Several studies (11–13) of weight loss interventions in people with type 2 diabetes have reported reductions in medication use and/or cost. These studies have typically been uncontrolled weight loss interventions applied to small groups of patients. Benefits have primarily been seen in diabetes medication requirements, with usually smaller effects when assessed on medications prescribed for treatment of hypertension and hyperlipidemia. These studies support the premise that effective programs for people with type 2 diabetes that achieve long-term weight loss and increase physical activity hold the promise of improving cardiovascular risk parameters while minimizing the use of pharmacologic agents.


Unfortunately, the LOOK Ahead trial was eventually stopped because lifestyle interventions alone were not enough to prevent the progress of the underlying Type2 diabetes.
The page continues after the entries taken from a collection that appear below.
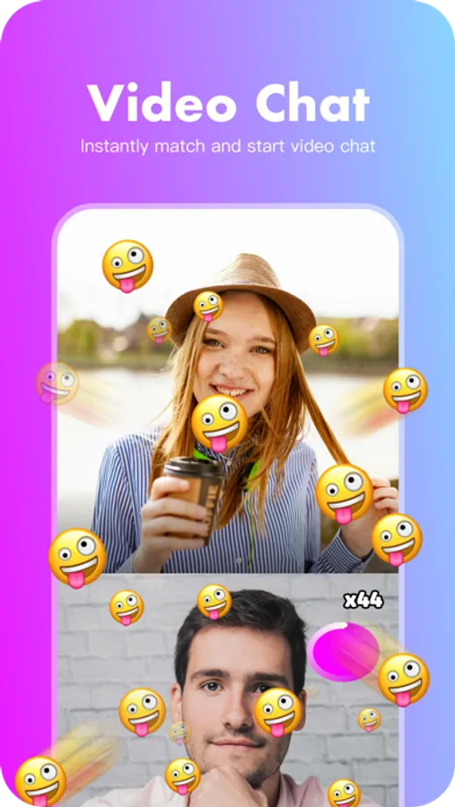 - Easy to use cam to cam chat, just click the screen then chat with real people
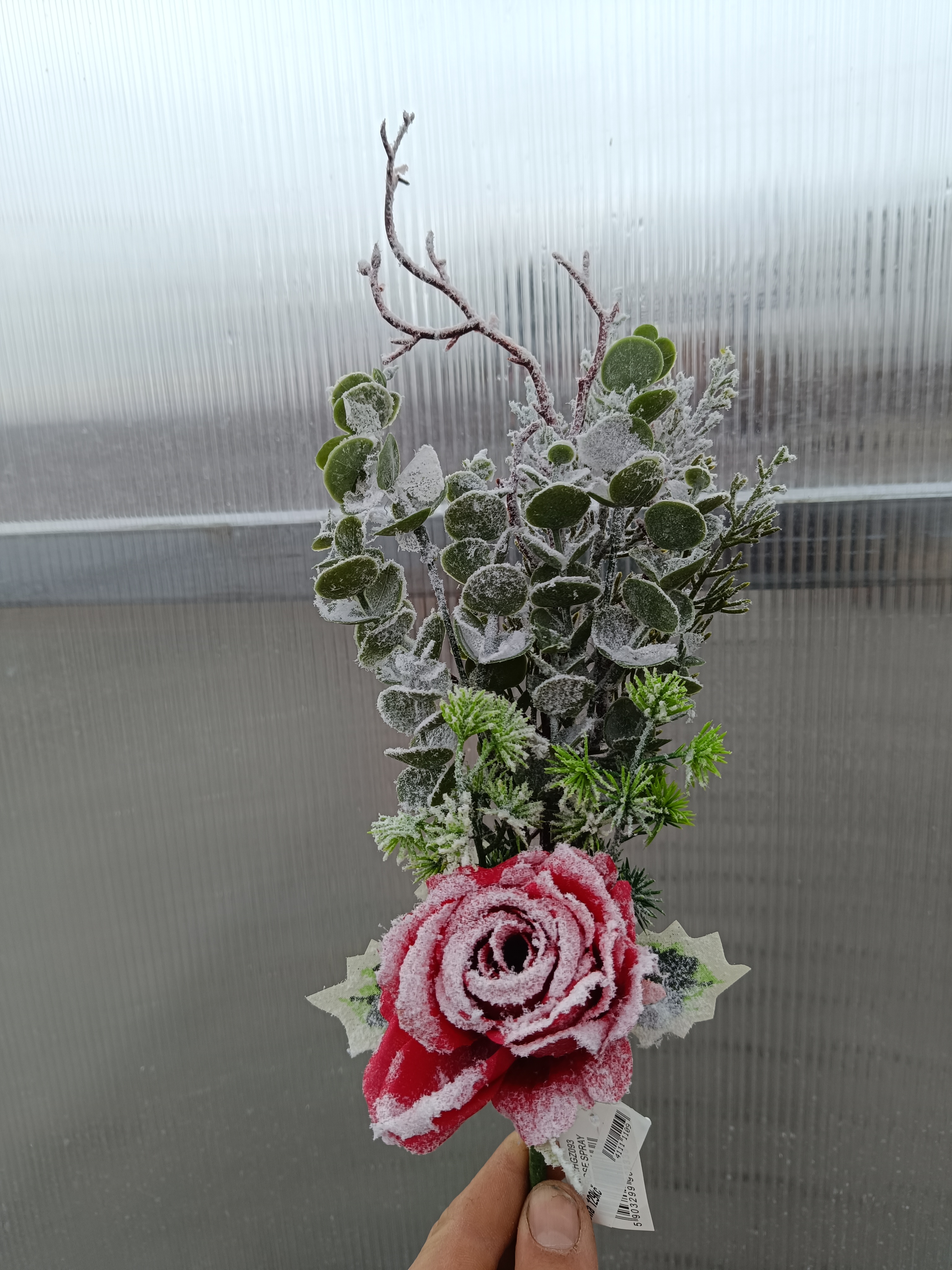 Plastová květina-růže zasněžená - vínová 45cmSkladem129 Kč/ ks107 Kč bez DPH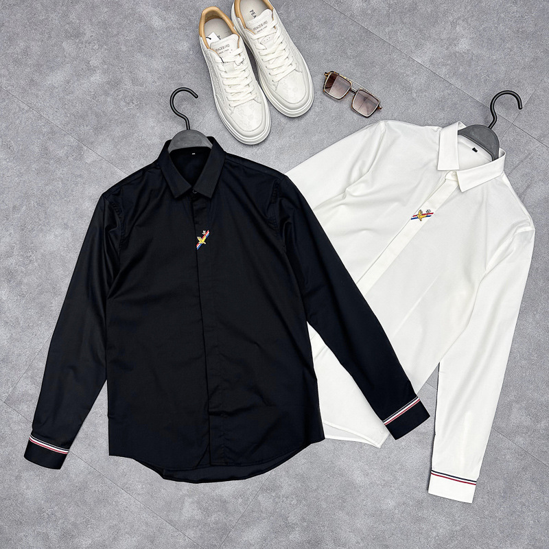 メンズヨーロッパ駅長袖シャツビジネス修身ハチドリ刺繍シャツ白黒シンプルシャツb 1caf 1e 94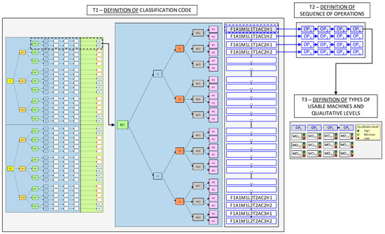 Simplified scheme of the relationships between Steps 1 and 3 in M1. The sequence of the operations and the types of usable machines (with the qualitative levels) are defined for all generated CCs. For space reasons, the scheme has been structured starting from code F1A1M1 (black-framed box in the first image on the left). The same logic is repeated for F1A1M2, F1A1M3, and so on. Overall, the model generates 432 combinations, corresponding to 192 unique classification codes (i.e., 192 applicable FMCs). Legend: S, step; OP, operation; MO, potentially usable machine type.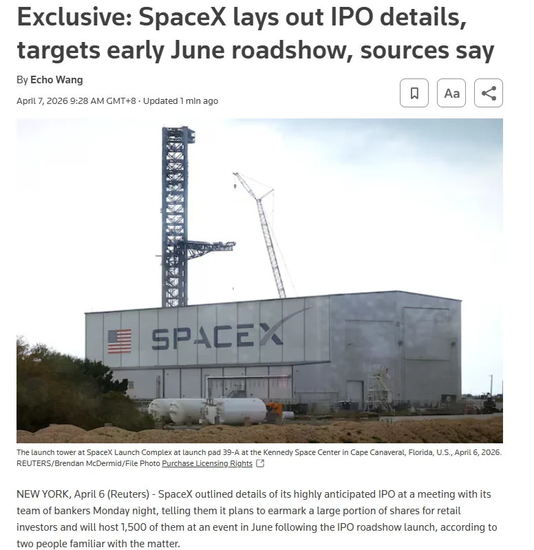 据路透社报道,消息人士表示,SpaceX计划于五月底公开其首次公开募股招股说明书。SpaceX计划于6月8日当周启动IPO路演。SpaceX计划在其IPO路演启动前一天,面向整个承销团的125位财务分析师举行线上会议。SpaceX IPO面向散户的配售规模将“非常庞大”,公司将在更接近交易实施时敲定最终的交易结构。

However, remember that had the participants achieved and maintained the weight loss goals things may have been different. However, it is these kinds of findings that make your doc very reluctant to consider reducing the medications because experience says you are unlikely to be able to maintain the changes. You will just have to prove him wrong!
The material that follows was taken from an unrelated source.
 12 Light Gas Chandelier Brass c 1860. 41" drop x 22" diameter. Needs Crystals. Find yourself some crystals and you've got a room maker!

Re: Low blood sugar effects?
08 Mar 2013, 12:09
I'm going to move these posts to a new thread as they are OT regarding low blood sugar effects.
Re: Type 2 diabetes
08 Mar 2013, 12:29
Thanks again, Caroline, I am going to read it now. Your words about a GP being reluctant to change medication sound understandable, and are therefore more acceptable, now that an explanation has been given..
Re: Type 2 diabetes
08 Mar 2013, 14:07
An excellent paper, Caroline. I feel more at ease now, and more accepting of the fact that it is unlikely that I will come off much medication. But I also have a better understanding of the need to keep my weight down, and keep physically fit. I know NHS and Government are continually saying these things, but I don't think there is enough emphasis or explanation given to proper diet, portion control and continuous monitoring. I have every intention of following the present regime, and thank you so much for getting me to this point of understanding. A great days work!